— What you should do —
From the records below, please print only the lines from the one containing "Parts for White" through the one containing "Кинезио тейп BRADEX 5 м х 5 см, бежевый", both included. Skip the pictures.

— Material for the task —

• • • • •

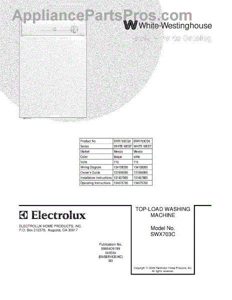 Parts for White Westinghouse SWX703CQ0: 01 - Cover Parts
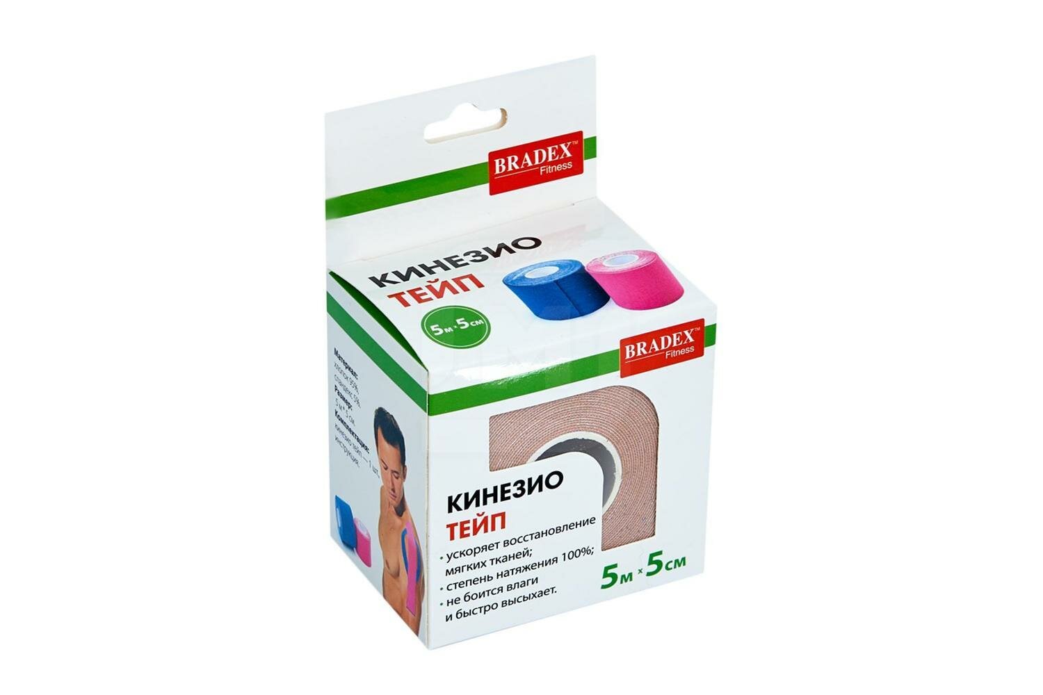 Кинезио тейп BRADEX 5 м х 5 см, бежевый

• • • • •

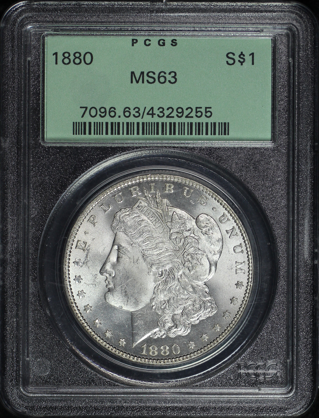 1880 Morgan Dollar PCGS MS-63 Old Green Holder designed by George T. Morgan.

• • • • •

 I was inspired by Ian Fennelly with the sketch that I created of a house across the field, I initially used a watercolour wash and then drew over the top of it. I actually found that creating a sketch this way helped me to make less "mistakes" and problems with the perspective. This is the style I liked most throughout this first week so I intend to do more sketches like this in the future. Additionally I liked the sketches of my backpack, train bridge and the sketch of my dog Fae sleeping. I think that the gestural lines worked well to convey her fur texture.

• • • • •

— Solution to this exercise —
 Parts for White Westinghouse SWX703CQ0: 01 - Cover Parts
 Кинезио тейп BRADEX 5 м х 5 см, бежевый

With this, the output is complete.